We can also consider higher moments of \(\Delta \): \(\int _{x=0}^{X} \Delta (x)^k \textrm{d} x\). For this, we refer the reader to the works of Heath-Brown [16] and Tsang [32]. We also mention that Heath-Brown proved that \(x^{-\frac{1}{4}} \Delta (x)\) has a distribution function. That is, there is a function f such that

$$\begin{aligned} X^{-1} {{\,\textrm{meas}\,}}\{ x \in [1,X]: x^{-\frac{1}{4}} \Delta (x) \in I \} \longrightarrow \int _{t \in I} f(t) \textrm{d} t \end{aligned}$$

as \(X \longrightarrow \infty \). The function f extends to an entire function on \({\mathbb {C}}\) and satisfies certain bounds on its derivatives.

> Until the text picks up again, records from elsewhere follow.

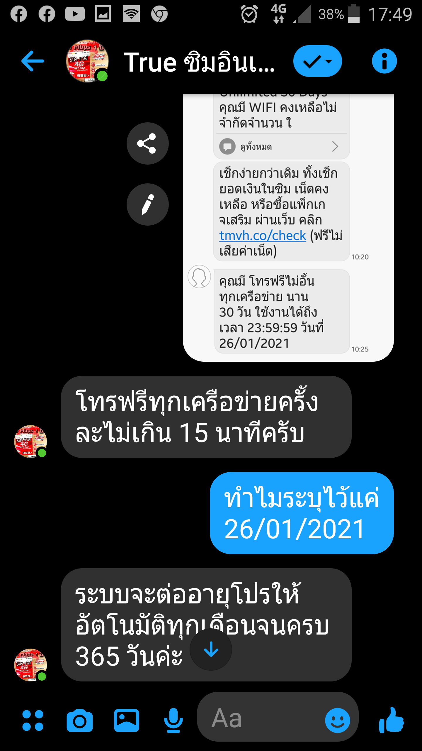 พอสอบถามไปยังผู้ขาย ก็แจ้งว่าไม่ต้องเติมเงินระบบจะขยายโปรให้อัตโนมัติทุกเดือน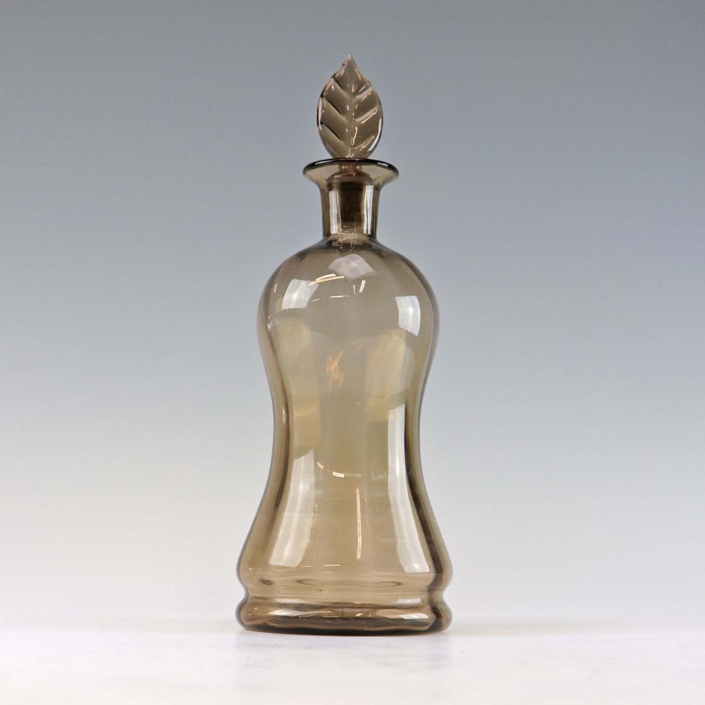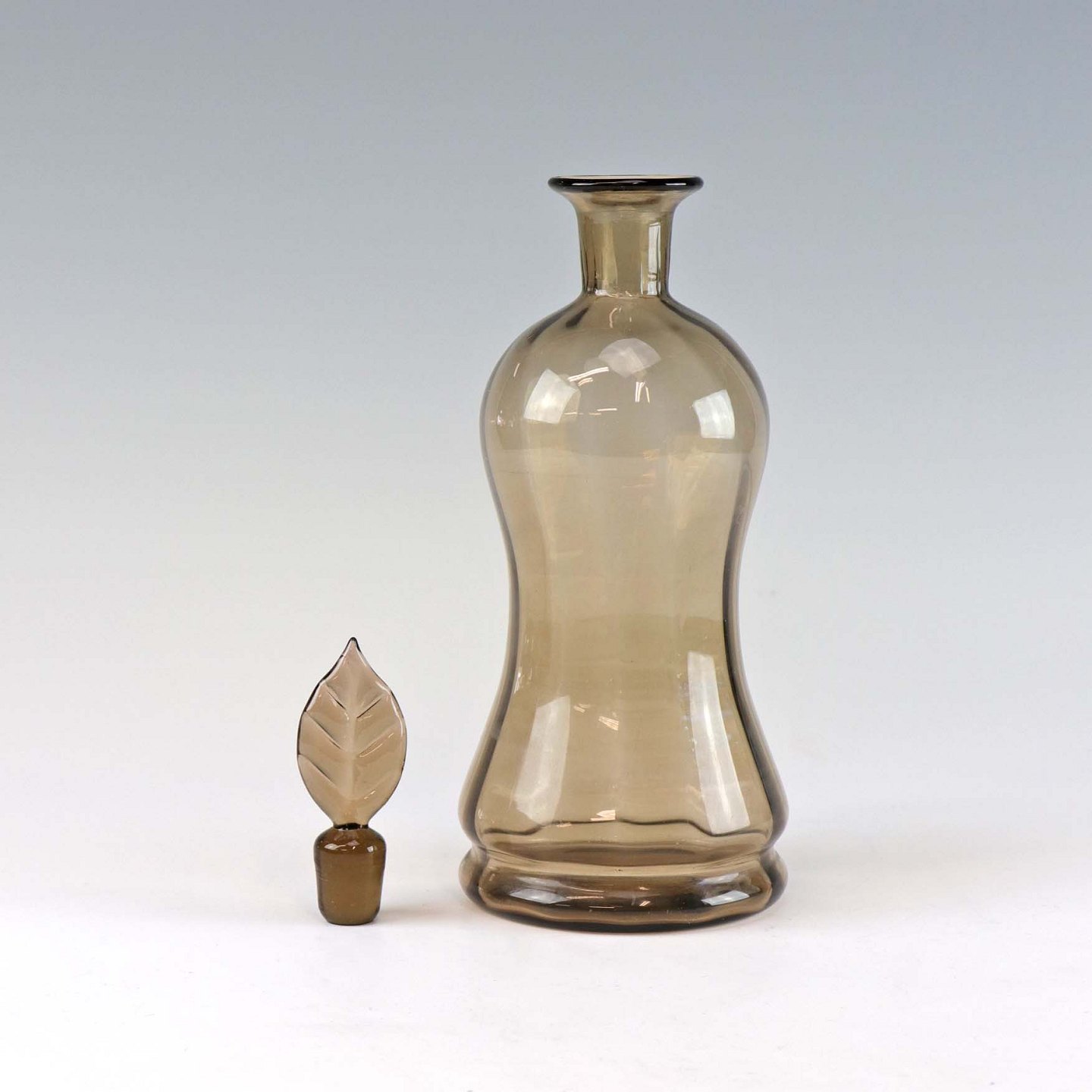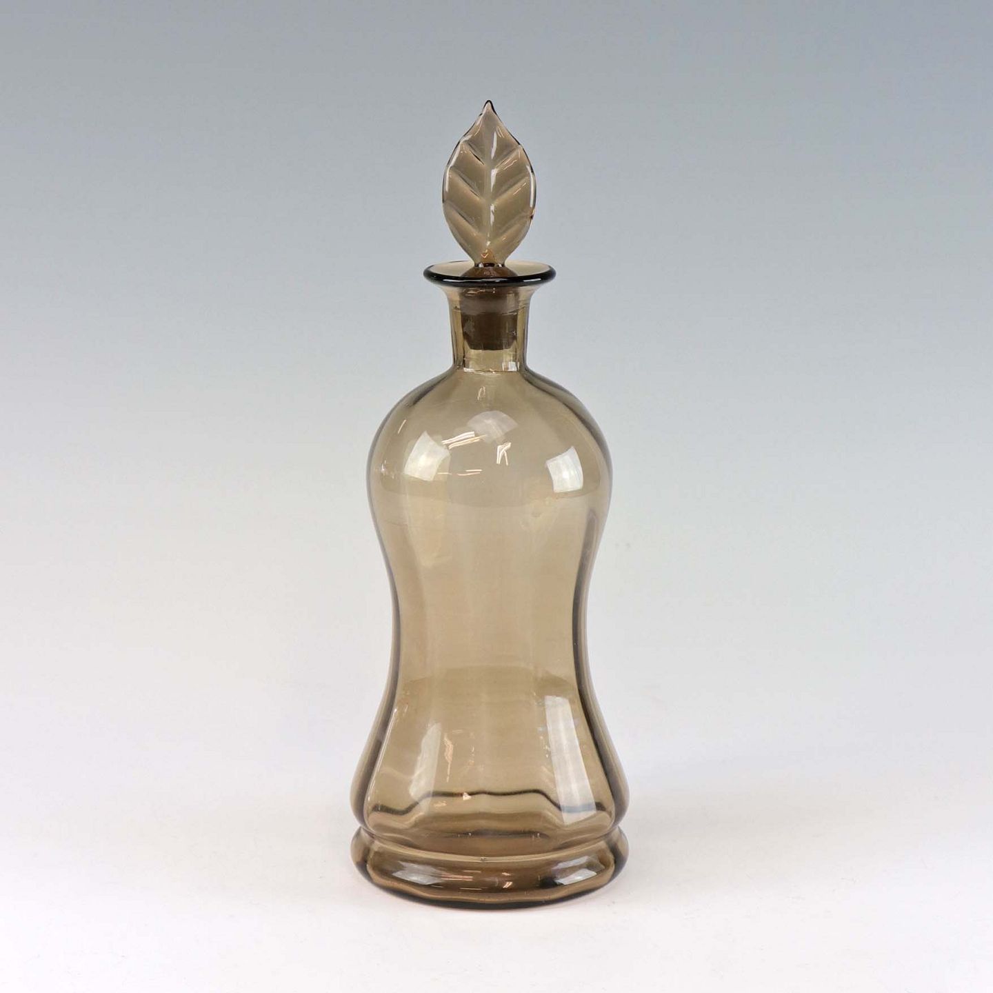 Røgfarvet glaskaraffel med bladformet prop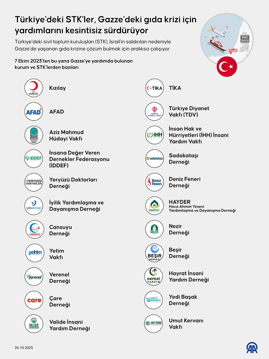 Türkiye'deki sivil toplum kuruluşları (STK), İsrail'in saldırıları nedeniyle Gazze'de yaşanan gıda krizine çözüm bulmak için aralıksız çalışıyor. (Grafik: Mehmet Yaren Bozğun/AA)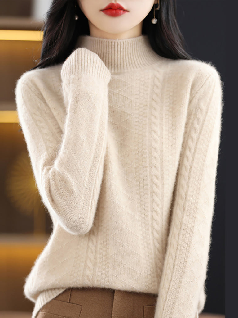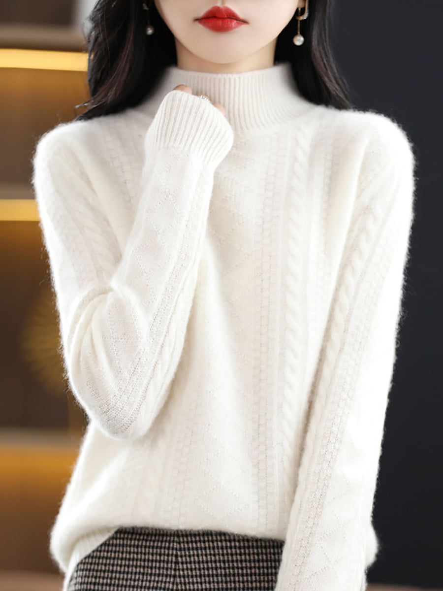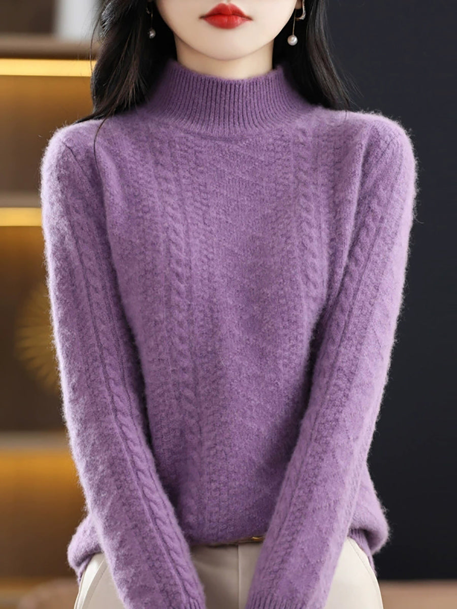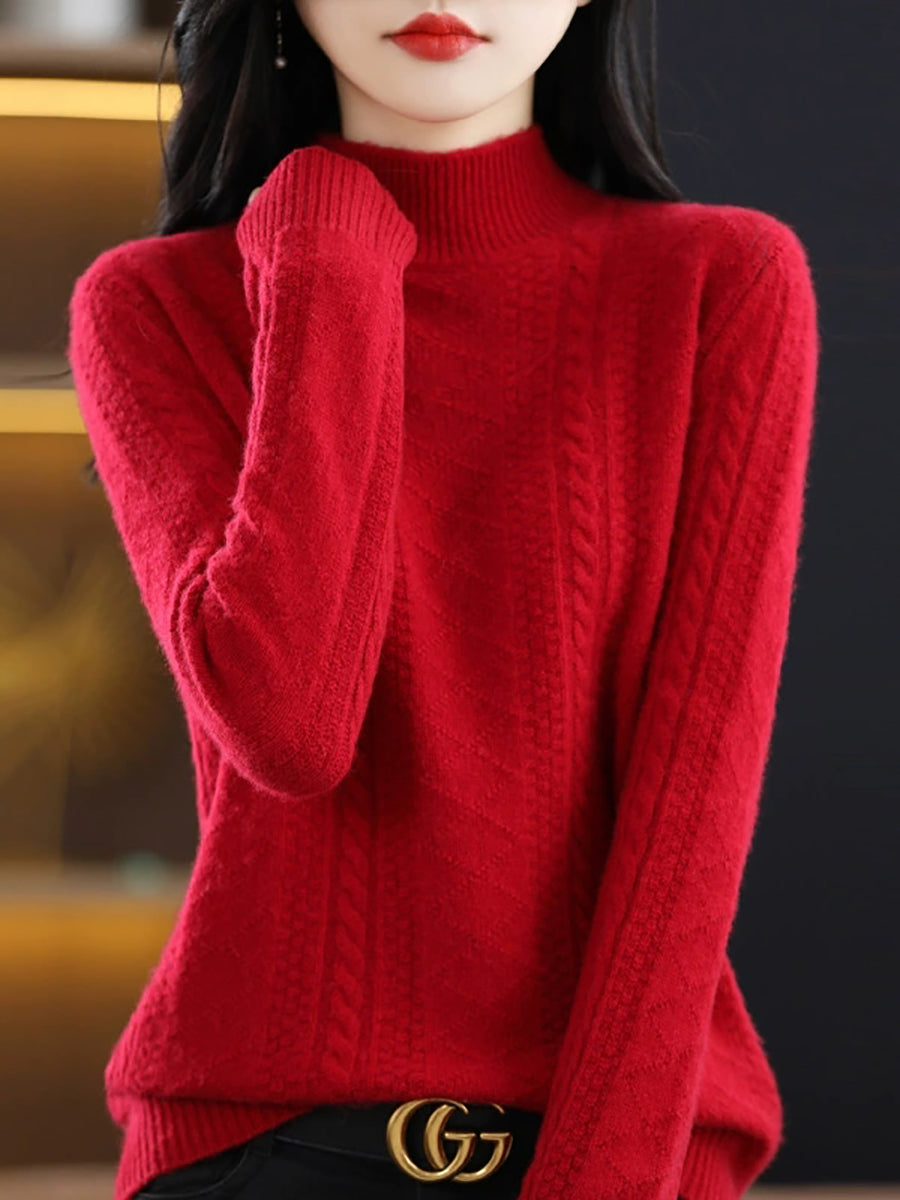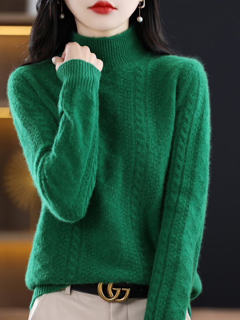 Women Winter Pure Color Half-Turtleneck Knitted Sweater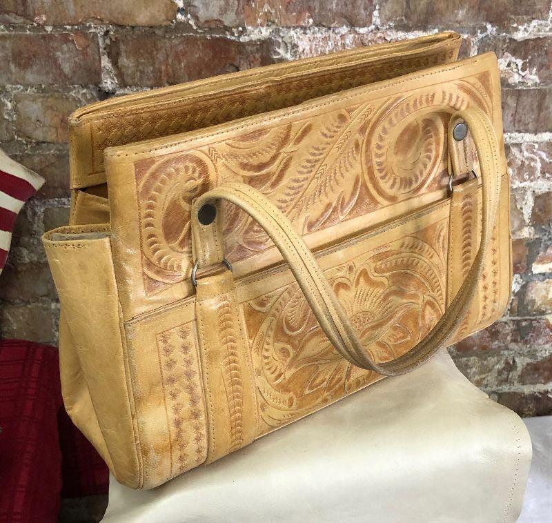 vintage WESTERN HAND TOOLED LEATHER PURSE

A related topic is that of the divisor function over intervals. That is, we are interested in

$$\begin{aligned} \sum _{ x < n \le x+H} d(n) = \sum _{n \le x+H} d(n) - \sum _{n \le x} d(n) . \end{aligned}$$

Applying (1), we obtain

$$\begin{aligned} \sum _{ x < n \le x+H} d(n)&= x \log \Big ( 1 + \frac{H}{x} \Big ) + H \log (x+H) + (2 \gamma -1) H \\&\quad + \Delta (x+H) - \Delta (x) . \end{aligned}$$

Given that \(\Delta (x) = O (x^{\frac{1}{2}})\), it is clear that, for \(H \le x\), the error term

$$\begin{aligned} \Delta (x;H) := \Delta (x+H) - \Delta (x) \end{aligned}$$

is of lower order. Nonetheless, it is not fully understood.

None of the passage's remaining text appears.